I went on to ask if smokers felt ashamed to smoke at the Claremont Colleges, to which about 50 percent replied no. One respondent confessed to feeling ashamed, but not because of the cigarette culture at the 5Cs. “The shame stems from the fact that it’s a dirty habit that I don’t want to continue,” one person admitted.
When I asked why smokers chose to smoke cigarettes, drunkenness and relaxation stood out as the two most common reasons cited by respondents at 75 percent and 50 percent respectively. For some, the taste of cigarettes and looking “cool” also contributed to why respondents smoked.
“[It’s] a sort of grand ‘f--k you,’” one person wrote, defiantly. “Smoking, especially at the 5Cs, where almost everyone is laboring to present this picture perfect image of happy, fit, college co-eds, sends the message that you don’t care what other people think about your actions, you might not be happy, and being fit isn’t the end all be all.” The person did go on to admit, however, “I think I’ll be happier and more fit if I stop smoking cigarettes.”
Fifty percent of non-smokers said that cigarette smoking always bothered them, while another 30 percent said that it only sometimes bothered them. “I do think people who smoke need to be more considerate of those around them,” wrote one respondent. “Standing two feet from the door to my residence hall is not an appropriate place to smoke.”
Almost 60 percent admitted that the fact that someone smoked cigarettes negatively affected their opinion of that person.
“It doesn’t affect my opinion of them as a person, I just wouldn’t want to be around them as much if they smoked a lot,” one respondent explained.
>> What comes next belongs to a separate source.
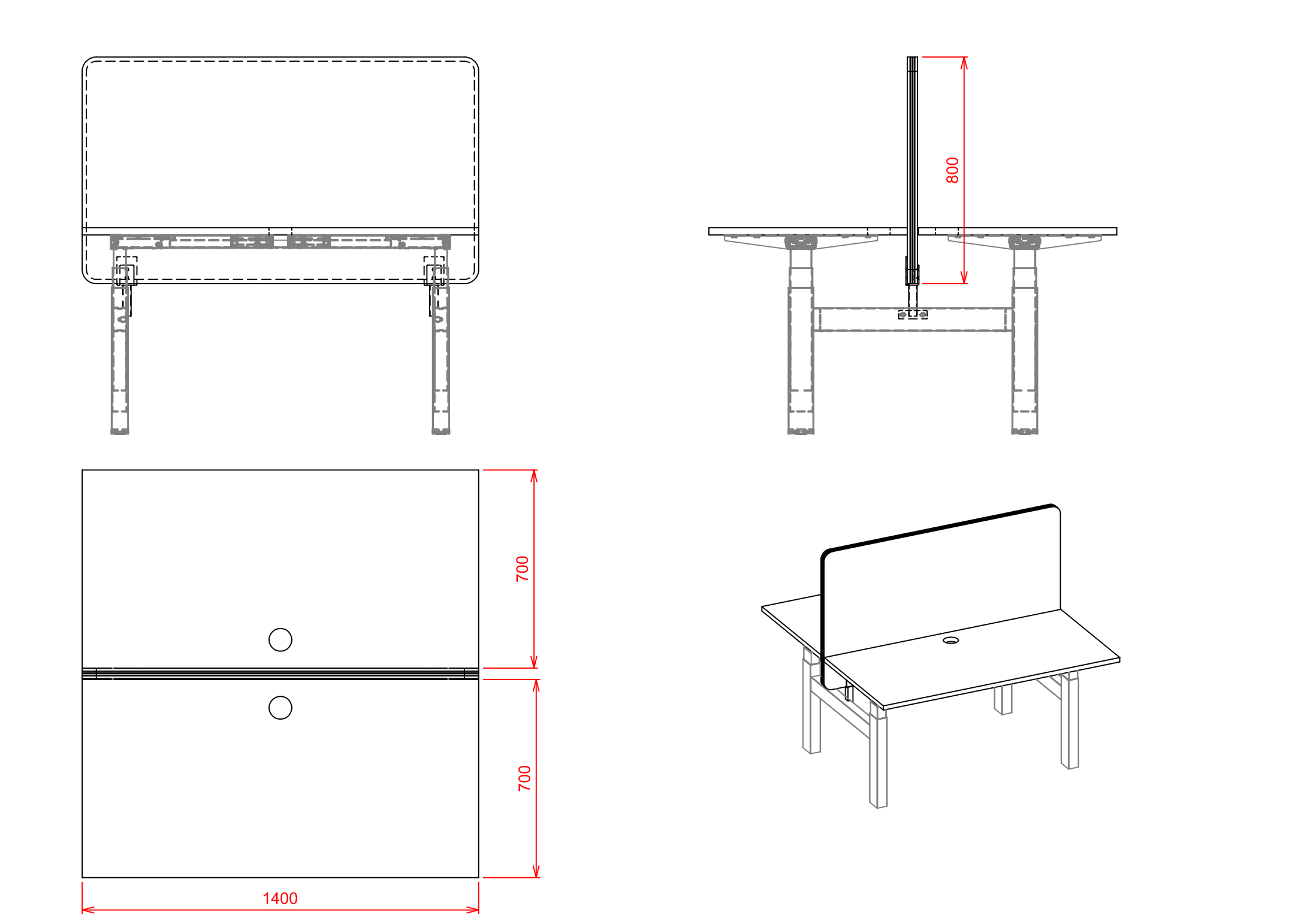 Nowy bench z elektryczną regulacją wysokości – 140 × 140 cm + tapicerowana przegroda

At the same time, 80 percent of non-smokers thought that smoking was not a problem at the 5Cs.
Interestingly enough, several respondents felt that it was not cigarette smoking, but the stigma against cigarette smoking that defined the “problem.”
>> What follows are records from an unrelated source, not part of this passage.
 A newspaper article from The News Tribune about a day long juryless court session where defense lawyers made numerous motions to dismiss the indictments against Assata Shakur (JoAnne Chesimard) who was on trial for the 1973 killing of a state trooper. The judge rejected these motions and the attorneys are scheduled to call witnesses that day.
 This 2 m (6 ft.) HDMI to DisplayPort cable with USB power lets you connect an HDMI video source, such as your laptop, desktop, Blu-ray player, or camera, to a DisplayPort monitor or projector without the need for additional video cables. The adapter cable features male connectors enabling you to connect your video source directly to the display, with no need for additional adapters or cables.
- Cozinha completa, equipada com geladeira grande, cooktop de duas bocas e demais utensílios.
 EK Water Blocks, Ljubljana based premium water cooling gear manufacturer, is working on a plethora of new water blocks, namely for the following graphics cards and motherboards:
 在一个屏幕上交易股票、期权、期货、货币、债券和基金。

“People are very self-righteous and should be more respectful of people’s decisions,” someone wrote. Another noted, “at this point each person is just as educated about the consequences as the next. It is a personal choice, and while some people are irritated by the smoke, others are just elitist dicks who need to chill out.”
The evidence from the survey proves very little. Non-smokers understandably complain about smoking at the 5Cs because of the detrimental effects of second-hand smoke. I hoped at least one non-smoker who took the survey might reveal themselves as one of those “elitist dicks” by whom many smokers at the Colleges feel stigmatized.
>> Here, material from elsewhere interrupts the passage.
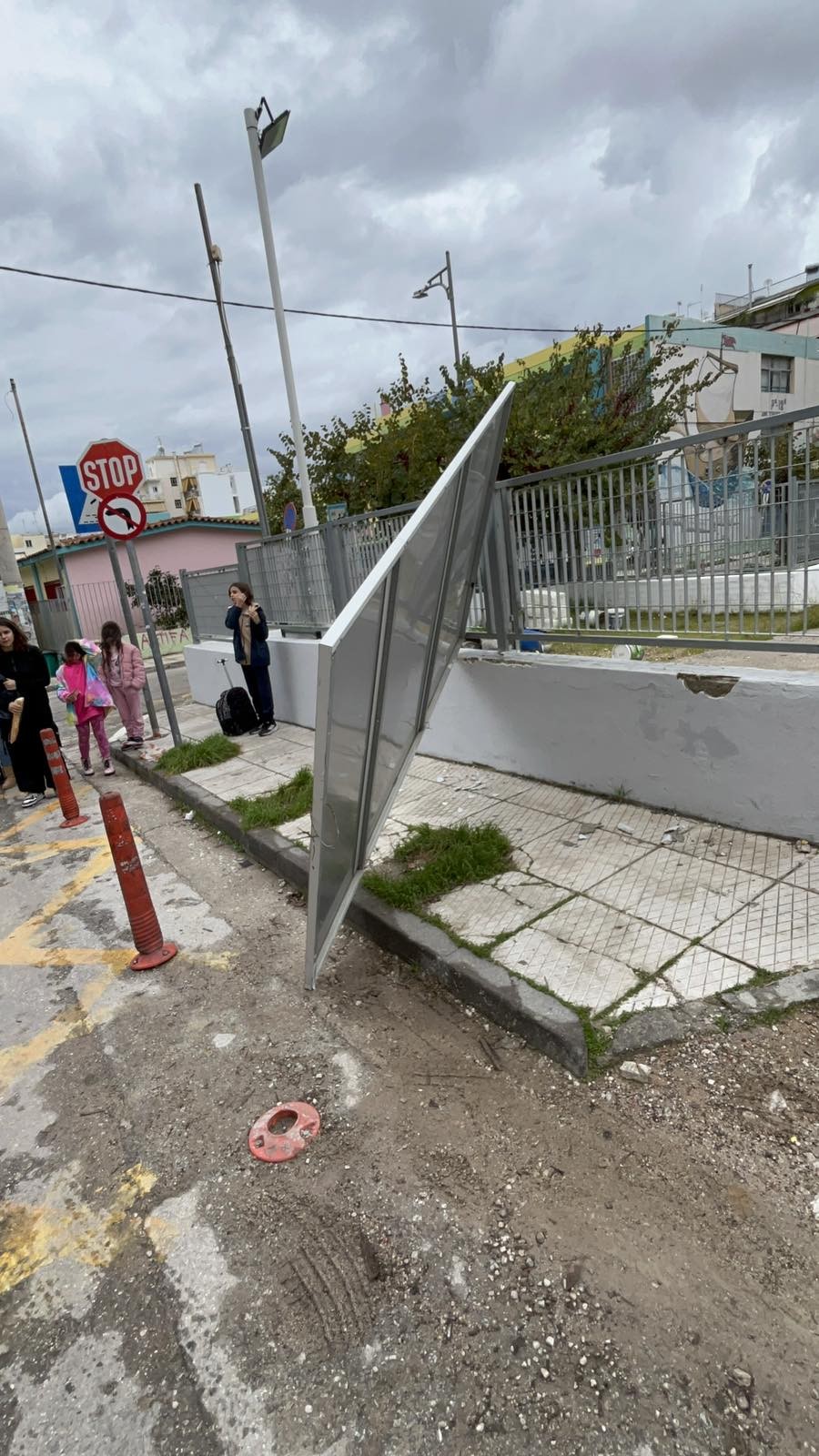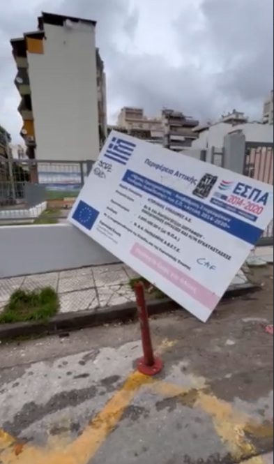 τεράστια ταμπέλα που ενημέρωνε ότι η οικοδόμησή του ξεκίνησε το …2019 παρασύρθηκε από τον ισχυρό άνεμο τη στιγμή που σχολούσαν τα παιδιά του ολοήμερου. Για μια ακόμα φορά, ευτυχώς που δεν είχαμε κάποιο τραυματισμό.

If anything, the survey stands testament to 5C students’ love affair with the limitless joys of smoking under the influence, and not much else. Those of us who make a habit of smoking on occasions other than drunken revelry definitely stand out as a considerable minority. We never need to defend our choice in lifestyle to those sanctimonious few that choose to judge us for it. But, our responsibility to the world of non-smokers around us is simply a matter of consideration: maybe the prospects of rotting our teeth, polluting our breath, odorizing our clothes, increasing our chances of infertility, contracting lung cancer, and shortening our lives by up to seventeen years make smoking cigarettes worth the taste and the benefits of relaxing and aspiring to appear as self-assured as Humphrey Bogart, but not everyone shares those feelings.
However, perhaps in those moments of drunken revelry, while remaining respectful to the air we collectively breathe and finding compassion for those whose habits we disagree with, smokers and non-smokers alike can find common ground.